13 Mar Actinic Keratosis: What is the Best Treatment for Pre-Skin Cancers?
MedicalResearch.com Interview with:
Maud Jansen, MD | Resident Dermatology | PhD candidate
MedicalResearch.com: What is the background for this study? What are the main findings?
Response: Actinic keratosis is the most frequent premalignant skin disease in the white population and is caused by exposure to ultraviolet radiation. With a prevalence of 37.5% among whites 50 years of age or older, actinic keratosis is one of the most frequent reasons for patients to visit a dermatologist. If left untreated, actinic keratosis may develop into squamous cell carcinoma.
Current guidelines provide no clear recommendations about which treatment approach is preferred. Currently, the choice of treatment often depends on the preferences of patients and their treating physicians. Evidence from randomized trials with direct comparison between treatments and with long-term follow-up is scarce.
Frequently prescribed and studied field-directed treatment approaches are 5-fluorouracil cream, imiquimod cream, photodynamic therapy (PDT), and ingenol mebutate gel.
We investigated the effectiveness of these four frequently used field-directed treatments (for multiple lesions in a continuous area). Over 600 patients in four different hospitals (Maastricht UMC+, Zuyderland (Heerlen), VieCuri (Venlo and Venray) en Catharina (Eindhoven)participated in the study.

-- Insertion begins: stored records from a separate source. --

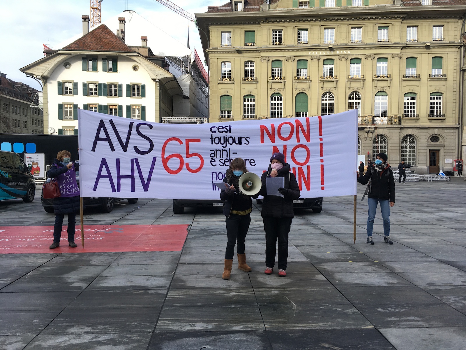 Le 14 décembre dernier, devant le Palais fédéral, des représentantes des collectifs de la Grève féministe et des femmes* ont rappelé leur opposition à l’élévation de l’âge de la retraite de 64 à 65 ans.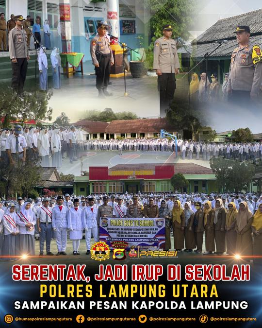Kapolres Lampung Utara AKBP Teddy Rachesna, S.H., S.I.K., M.Si. mengatakan, hari ini kita secara serentak mendatangi SMA/SMK yang ada di wilayah hukum Polres Lampung Utara untuk menjadi irup dan menyampaikan amanat dari Bapak Kapolda Lampung.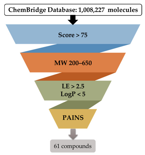 Schematic representation of the filtering criteria applied for compound selection from the ChemBridge database. A total of 1,008,227 molecules were subjected to docking (individually) and scored to find the top 5000 molecules. They were then selected for further filtration using the specified criteria and, consequently, 61 compounds were proposed for acquisition.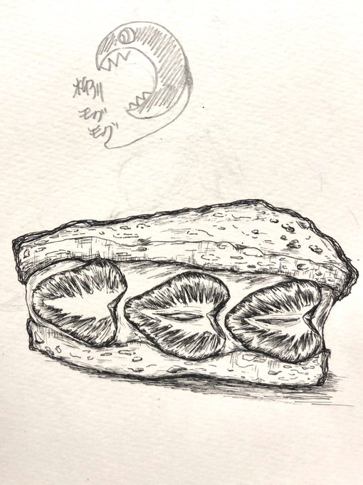 1 2 #食べ物イラスト #ペン画 ペン画で描きたくなったイチゴサンド。上のマリオのワンワンみたいなのは自分のサイン。 23/03/27 14:44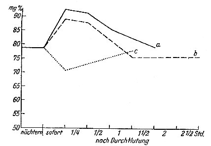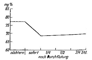 Bei 8 von 18 Personen stieg der Blutzucker um durchschnittlich 11,4 mg ( höchstens 18, wenigstens 7 mg% ). Nach ca. 1/4 Stunde folgte ein allmählicher Abfall zum Ausgangswert. In 6 Fällen erfolgte ein Anstieg um durchschnittlich 9,7 mg% mit schnellerem Abfall nach 1/2 bis 1 Stunde bis unter den Ausgangswert der über 2 Stunden bestehen blieb. In 3 Fällen sank der Blutzuckerwert sofort nach der Durchflutung um 9, 11 und 12 mg%. Nur bei einer Person blieb der Blutzucker unbeeinflusst.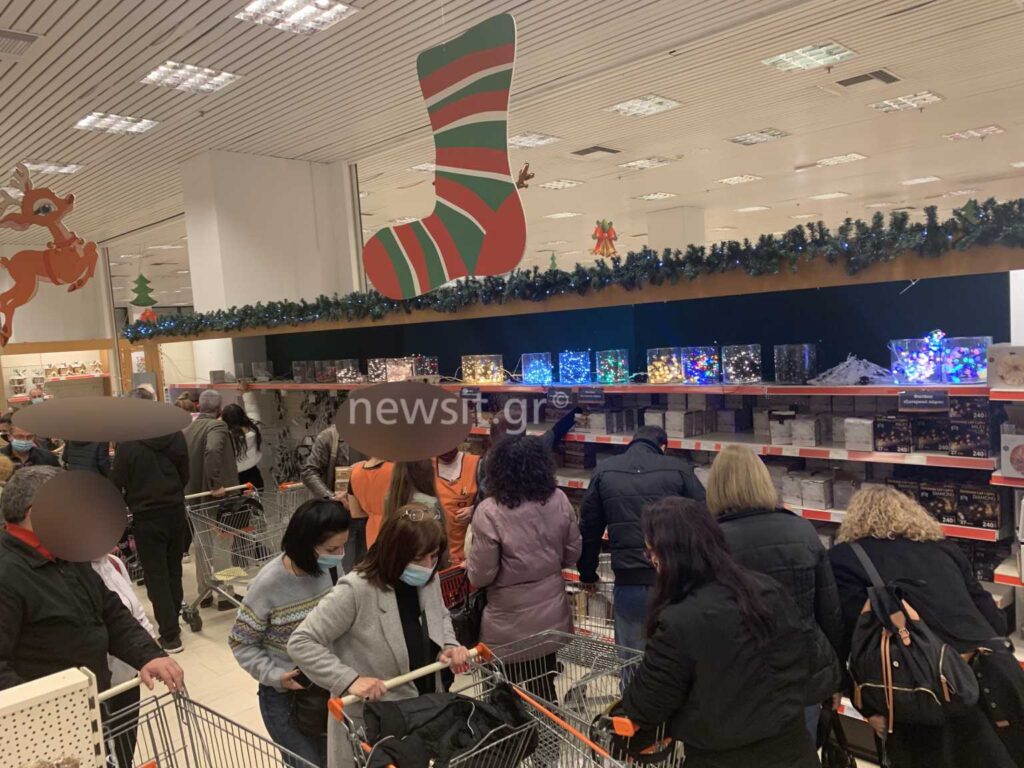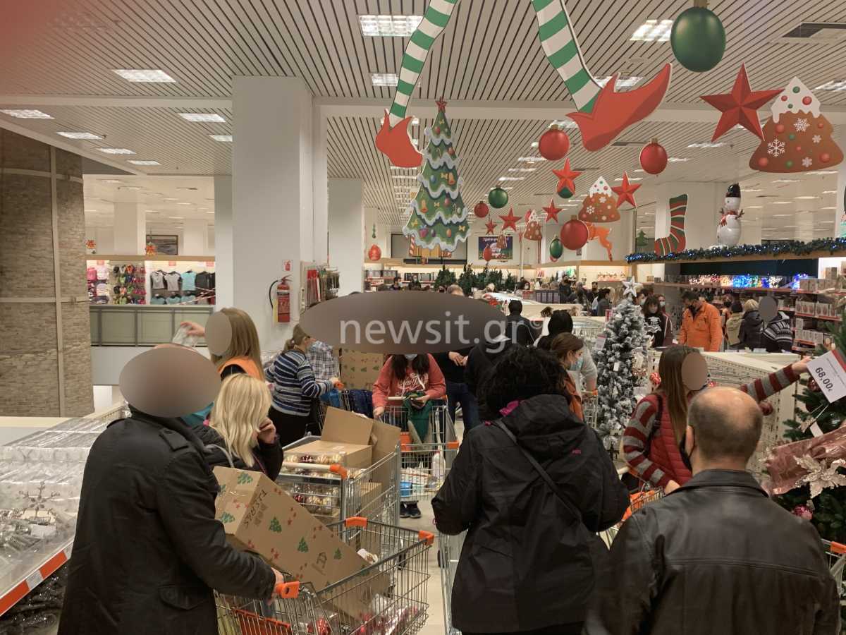 Άλλωστε, από σήμερα επιτρέπεται και η πώληση χριστουγεννιάτικων ειδών και από σούπερ μάρκετ. Οι εικόνες που θα δείτε είναι αποκαλυπτικές. Άνθρωποι να ψωνίζουν χωρίς καμία απόσταση. Κόσμος πολύς σαν παραμονή Χριστουγέννων…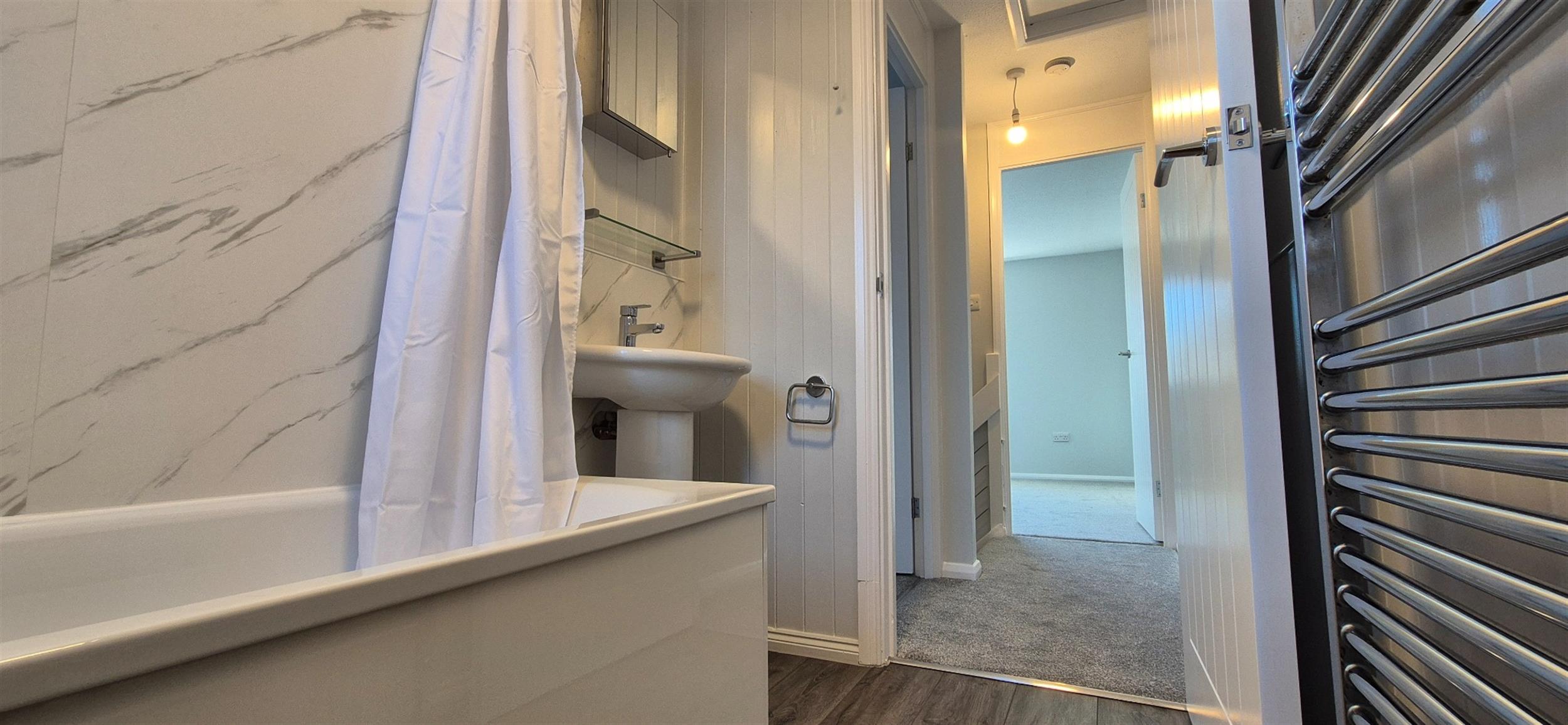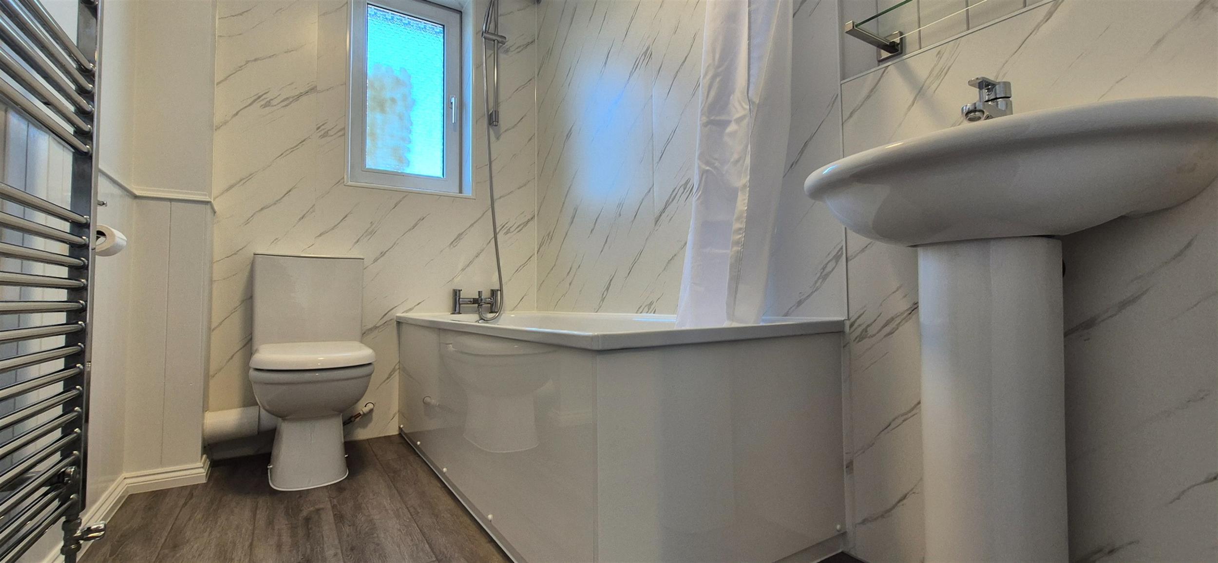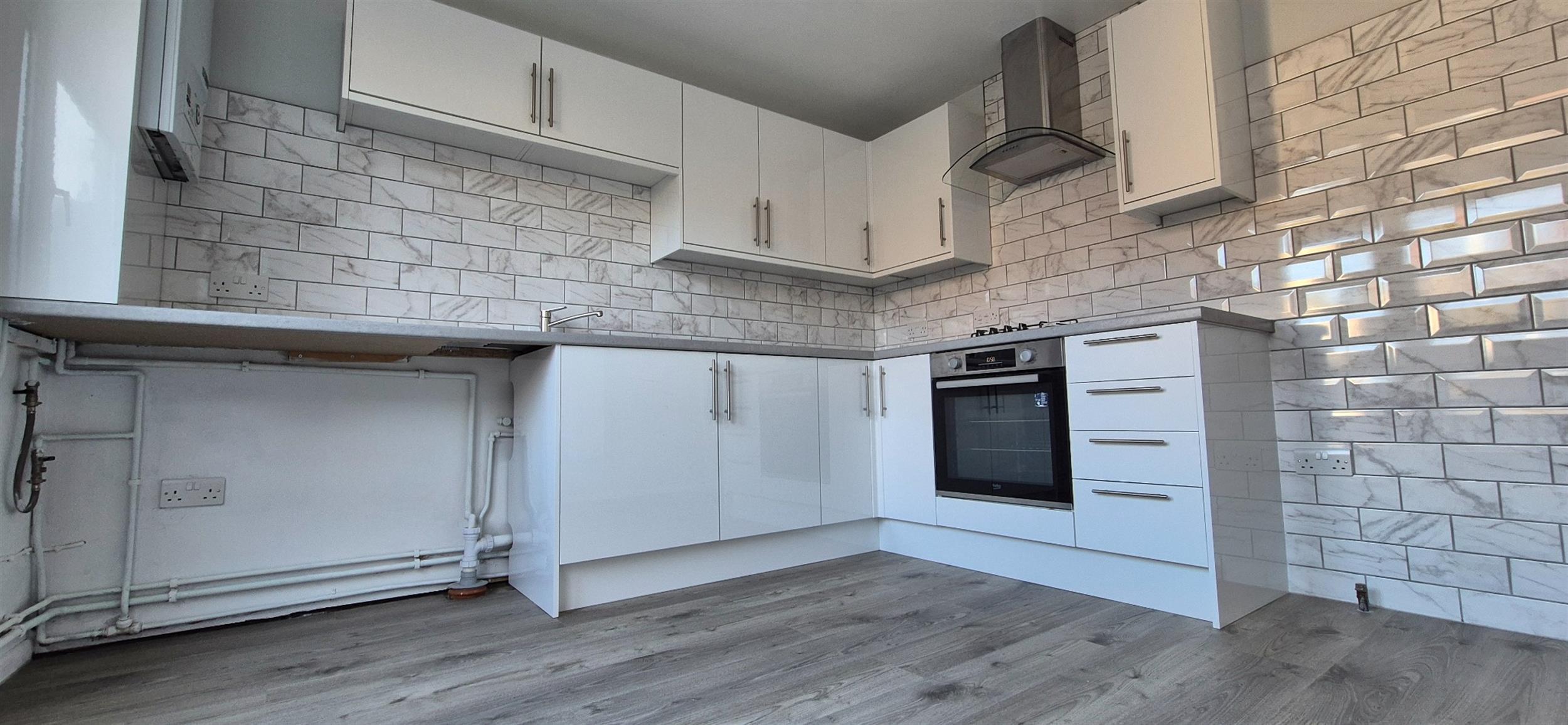 Kitchen/breakfast room has been newly installed to include new flooring and incorporates gas hob and electric oven with spaces for fridge/freezer, washing machine and dishwasher. Large window faces the rear with back door to garden. The kitchen has enough room for a table and chairs and handy understairs cupboard for storage.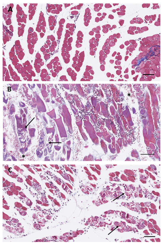 - Gutiérrez, J.; Ownby, C.L.; Odell, G.V. Skeletal muscle regeneration after myonecrosis induced by crude venom and a myotoxin from the snake Bothrops asper (Fer-de-Lance). Toxicon 1984, 22, 719–731. [Google Scholar] [CrossRef]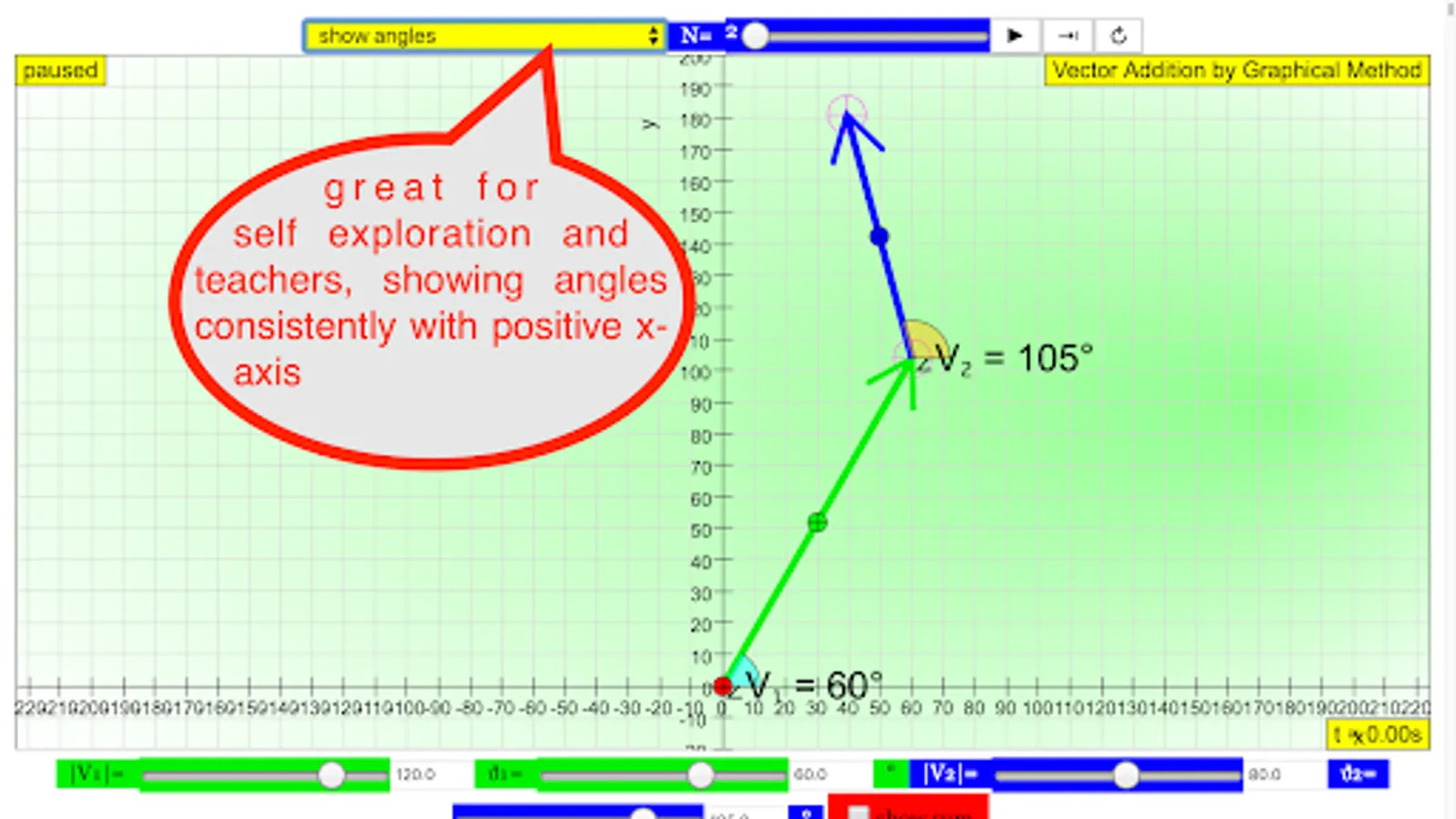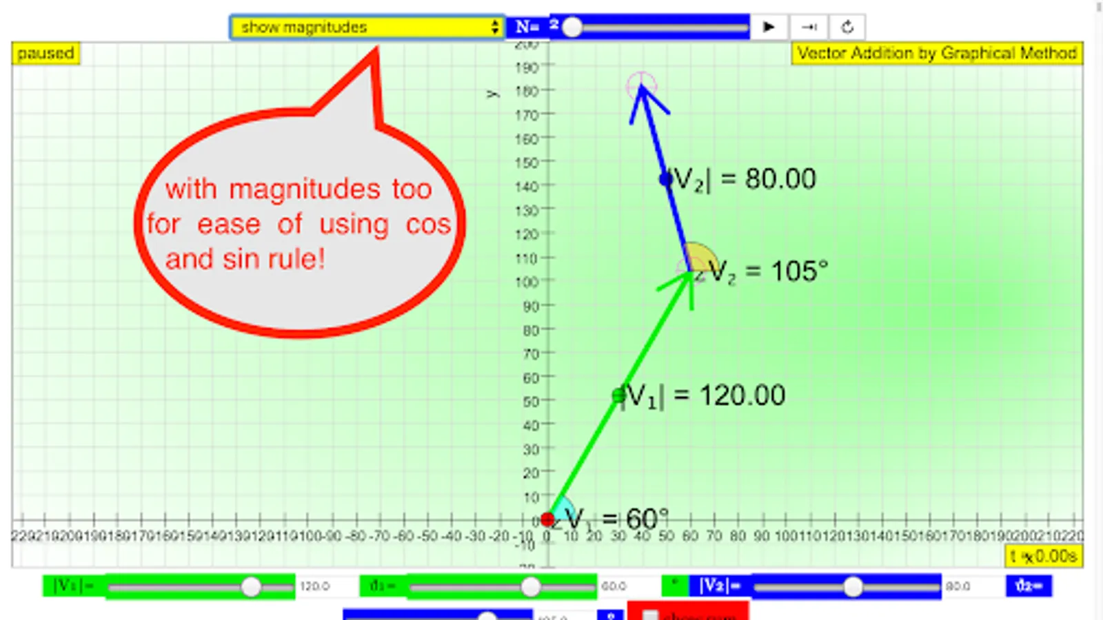 Take an example from your usual word problem and take a picture of it and try to use the simulation to represent the word problem. After you are done, the simulation should be able to calculate as well as draw the resultant vector. send your completed picture to weelookang@gmail.com to be included as an example in this simulation-model!
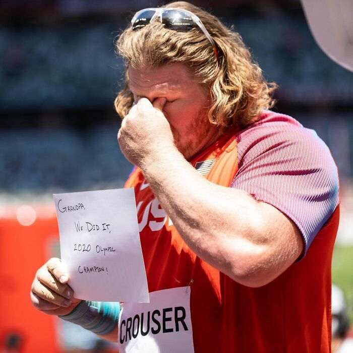 Райан Краузер передал своему дедушке сообщение после победы в толкании ядра: «Дедушка, мы это сделали, Олимпиский чемпион 2020»

Patients were randomly assigned to one of the four treatments.
The main result of our study was that we found that after 12 months of follow-up, 5% fluorouracil cream was the most effective treatment in the treatment of patients with multiple actinic keratosis lesions. Moreover, patient satisfaction and increase in health-related quality of life were highest in the 5-fluorouracil group.
MedicalResearch.com: What should readers take away from your report?
Response: Our study showed that 5-fluorouracil is the most effective treatment for multiple actinic keratosis. Moreover, it is the cheapest treatment and highly regarded by patients. Our study can make an important contribution to establishing (inter)national treatment guidelines for actinic keratosis. The use of 5-fluorouracil cream as standard therapy for actinic keratosis could also result in in health care cost savings per year.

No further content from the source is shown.